Beware the AI black box

A guest blog by Matt Jones, Analytics Strategist at Tessella 

Big tech vendors have been piling into analytics and now AI. IBM’s Watson has been charming the media with disease diagnosis and Jeopardy prowess, and Palantir has been finding terrorists. Other major vendors such as Oracle and SAP have also been joining the scene, albeit with slightly less fanfare.

These companies have been leading tech innovation for years; one would expect them to offer a credible AI solution, and indeed their technology is good.

But the black box approach that many such companies currently offer presents problems. The first is that analytics is not a plug and play solution; it needs to be built with an understanding of data and context.

The second is that, in buying a black box solution, you lose control of your data. This means you are not sure what it’s telling you, you allow others to benefit from it for free, and you may not be able to access it in future.

And now you may even be in for a big bill for the privilege. A recent court case ruled that drinks company Diageo had to pay SAP additional licences for all customers that indirectly benefitted from SAP software used in their organisation, costs that could run to £55m.

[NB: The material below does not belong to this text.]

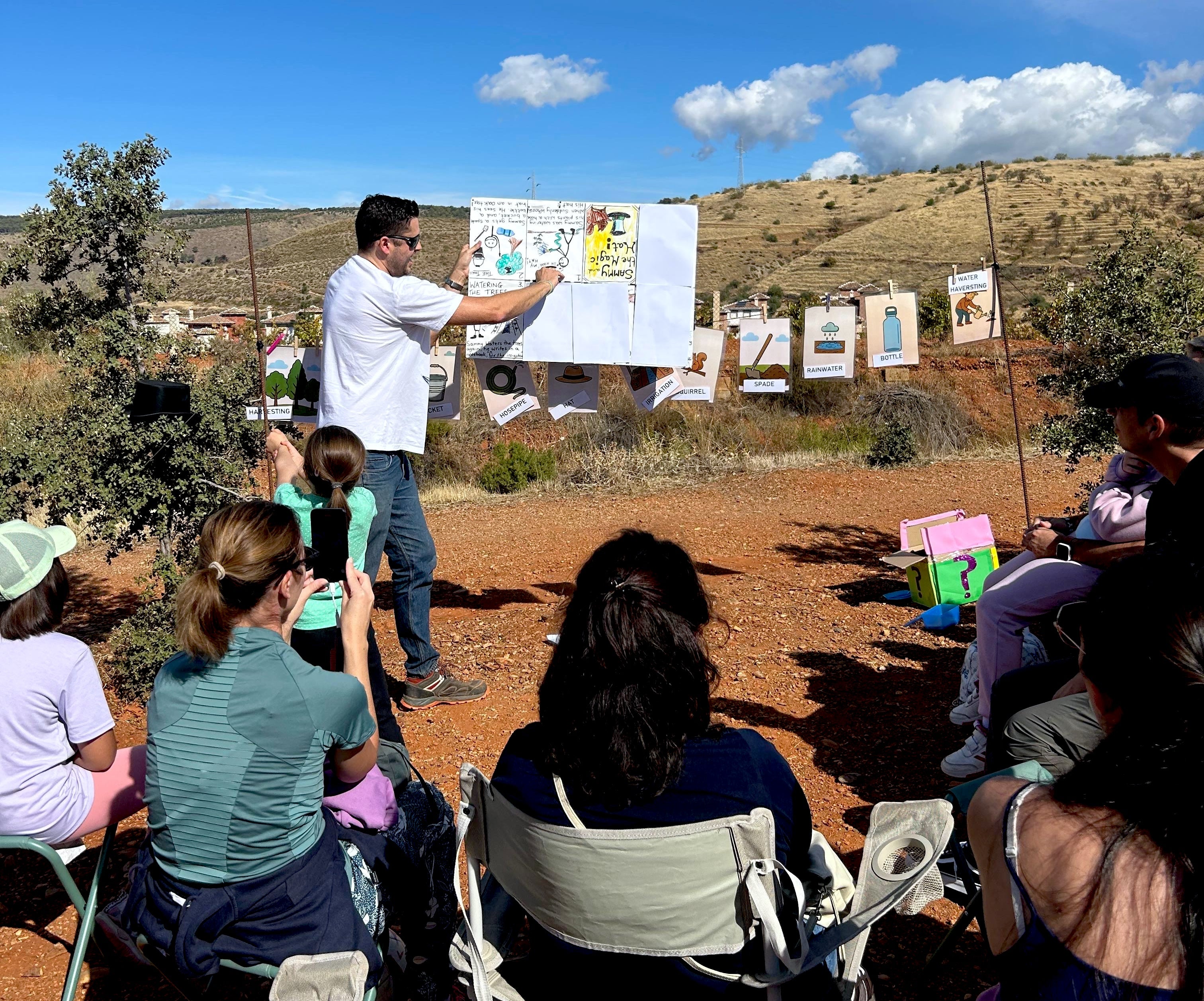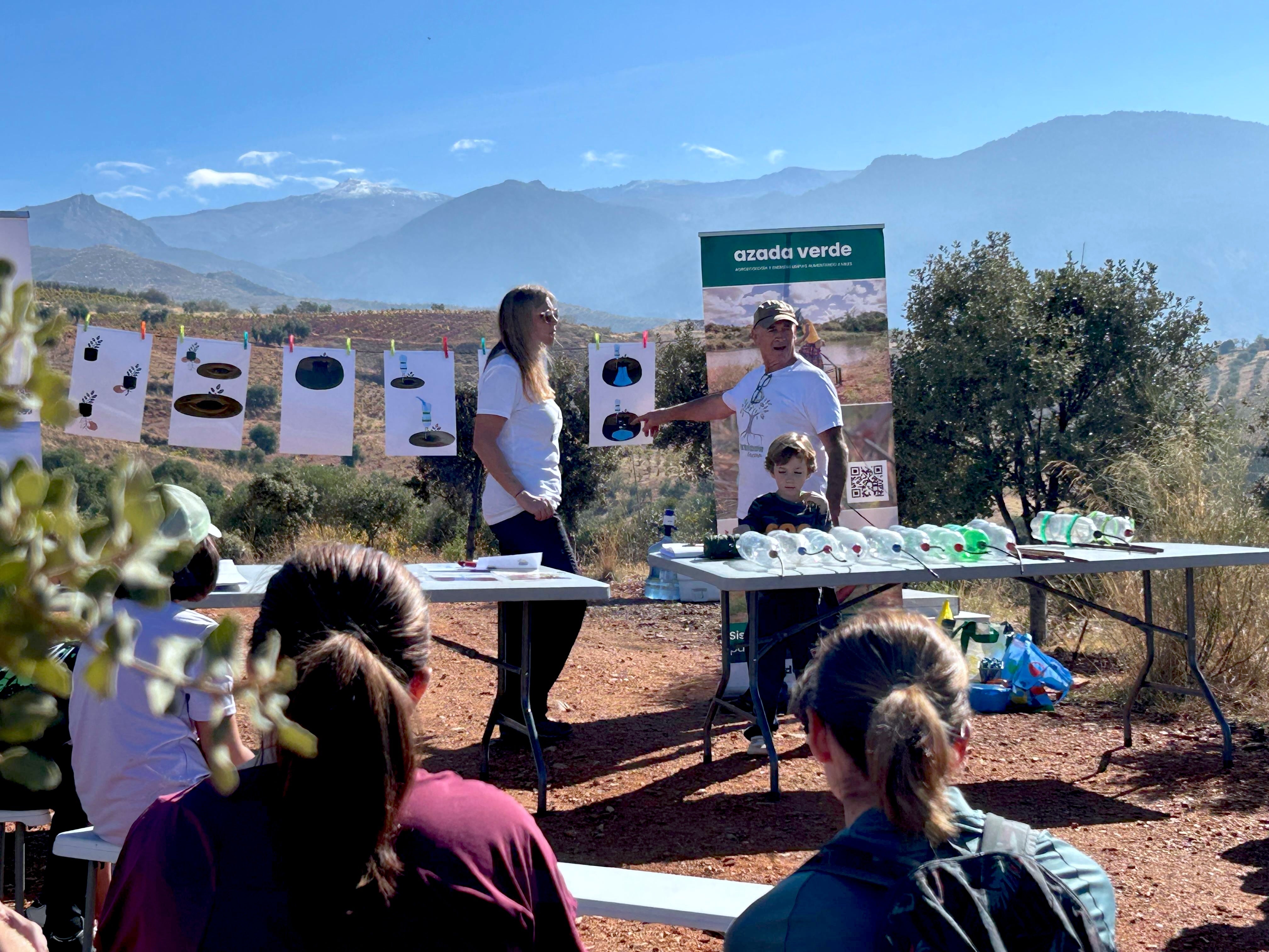 Los más pequeños disfrutaron de actividades y juegos en la lengua anglosajona. También se impartió un taller de sistemas de riego con botellas, con la colaboración de la oenegé Azada Verde. El público participante compartió, a su vez, un almuerzo en la naturaleza.

If upheld, this could have a chilling effect on the analytics platform industry. Could every beneficiary of data insights across and beyond your organisation now need a licence? Companies should now think a lot harder before committing to a platform on which their whole business relies.

Your data is your company’s lifeblood – value it

Even before this case, it’s stunning how much control of data companies were willing to give up to vendors, and how little thought goes into the consequences of over reliance on one technology.

Vendor lock-in is nothing new of course, consumers have been allowing Apple and Google to track their every move, and global businesses putting everything in the Microsoft cloud, for years.

But data and AI represent this problem on steroids. Data projects done right are embedded throughout the entire organisation. Some solutions will suck in all your data from every system, lock it away, and even refuse you access to it. So these platforms have all your data, the context, and the insights it provides. And now they have even more power to charge you to benefit from it.

How to plan for an analytics solutions

So, how can you benefit from data analytics without storing up future problems?

Before you even think about technology, get the right mix of technical and business people to look at what your business needs to achieve and how data can help you. Then get people in with data science expertise who can explore how your data can be used to support those needs.

Only then should you look at what platforms you need to achieve this. The most powerful is not necessarily the most suitable, find one suited to your need. In doing so, consider licensing models and demands from your data – does it leave your site? Can you access it when you need to? Look at the company’s overall culture – are they transparent or opaque? This will guide you in how they are likely to handle your data.

Perhaps more important is to consider whether you need a black box at all. Google, Microsoft and Facebook, amongst others, all offer openly available Artificial Intelligence (AI) APIs on which anyone can build bespoke AI or machine learning platforms – which are as sophisticated as any black box on the market. Furthermore this allows you complete control and transparency of how the data is fed in, processed and presented, so you can identify causal links between data and outcomes, rather than having to trust someone else’s insights into your business are correct.

If you do need a black box solution – and there are times when they are the right option – you should ask whether the vendor is a partner or just a platform. Do they understand your business context? Do they integrate with your particular data setup? Do they leave you with control of your data? Do they make the data analysis process clear, so you can understand whether your business insight is based on a causal links or just an unsupported pattern spotted in the data.

The approach you take should be driven by the most appropriate approach to solving your challenge or finding the insight you require to make better decisions – not by the platform itself – and it should consider what level of data control and oversight you are willing to give up. Once you have properly defined that, then you can make the best decision about how to use your data to meet those goals.